SEE MORE: Why Jose Mourinho is absolutely the wrong choice for Manchester United.
Who cares, you think? Speculating on Jose Mourinho taking over United and Pep choosing between Chelsea and City is a fun argument to have in the pub when watching your club slog through a midweek match, but this insane constant managerial speculation is beginning to have a damaging effect on international soccer as a whole. Consider:
We are creating a class of mercenary coaches who circulate among the richest clubs: In times past, there was a handful of managers in leagues who specialized in keeping teams up. They would be hired midseason by a club in danger of being relegated, save them, and when the club faltered the subsequent season they’d be cut loose to find their new team. Now there is increasingly a pool of high-paid managers who are at different times available to be hired by a mega-club. These managers know how to deal with sky-high management expectations, whiny world-class players, and a suffocating media. They swoop into a club, win a trophy or two, and then when they aren’t winning enough they are replaced. This would not be a problem except….
The upside of hiring a promising manager is lacking for both sides: Consider Andre Villas-Boas and David Moyes. Both were considered hot prospect managers, up and comers who would be the next generation of super-managers. Both were quickly burned out by Chelsea and United, respectively, and have yet to regain that superstar status they were predicted. This could be due to the fact they were not exemplary managers to begin with, but it could also very well be that unrealistic expectations placed upon these young managers sets them up to fail. The result is clubs would rather gamble on a Carlo Ancelotti, who has a track record, than hire an unproven manager who could make the owners look foolish. Conversely, while good managers always assume they can win wherever they go, what’s the incentive for a manager making a name for himself to step up to a Chelsea or Real Madrid when they can move to a team on the cusp of contending and try to make a name for themselves there.

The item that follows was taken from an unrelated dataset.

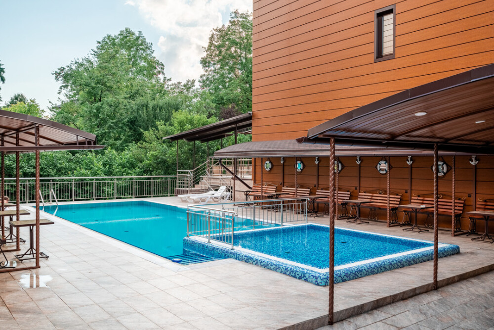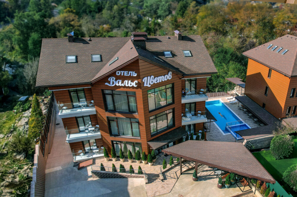 Уютный четырёхзвёздочный отель «Вальс цветов», в котором для гостей доступен тёплый подогреваемый до 30°C бассейн. Вкусная сытная еда ресторана, финская сауна.
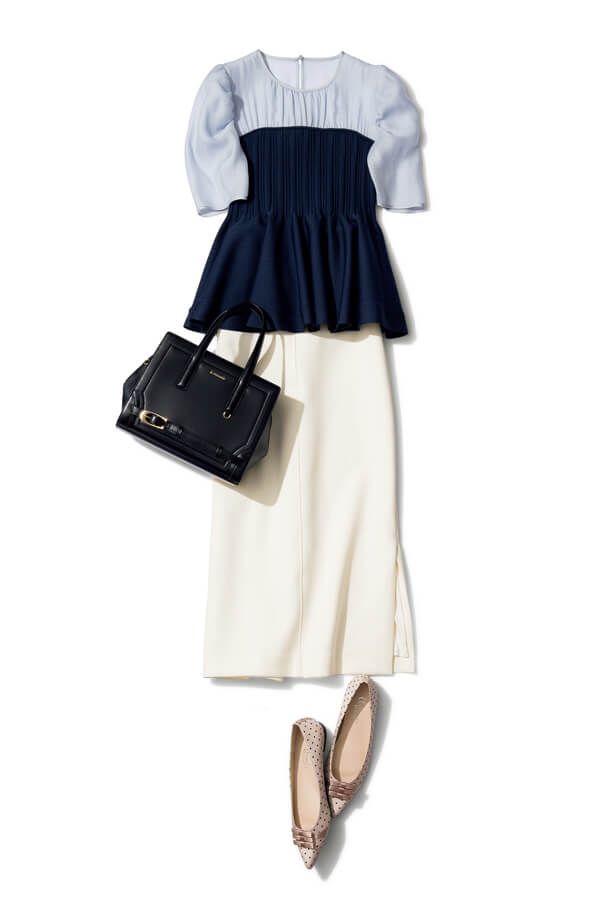 ペンシルシルエットならペプラムとも相性よし。

The managerial shuffle over-inflates player wages: You don’t put cheap plastic covers on a Corvette’s seats, and, in the same way, when you hire a super-manager you don’t force them to use the players on hand. Management is keen to open their wallets to pay for the top-flight talent their new manager wants, no, needs to win. Selling clubs jack up the price because they know the superclubs will pay, and the new manager sells off his disgruntled stars to another super team needing to make a splash in the transfer market. Hence, you get massive wage bills before players and managers have had a chance to proven themselves.
Ultimately, the fans end up paying for this constant game of shells: Yes, it’s cool that your favorite club just hired Pep Guardiola or Jose Mourinho, but at some point the owners need to make up the cash paying the manager’s salary and player wage bill. That’s why we are seeing the skyrocketing of ticket prices, sponsorship, and bad preseason tours. This does not just affect the fans of major clubs, as wages rise for all players once the top flight ones are getting paid and thus your team eventually has to keep raising revenue to keep up.
At some point, this soccer bubble of spending and the race for managers will burst, and the patience afforded people like Arsene Wenger will be longed for by fans tired of the constant churn and higher prices.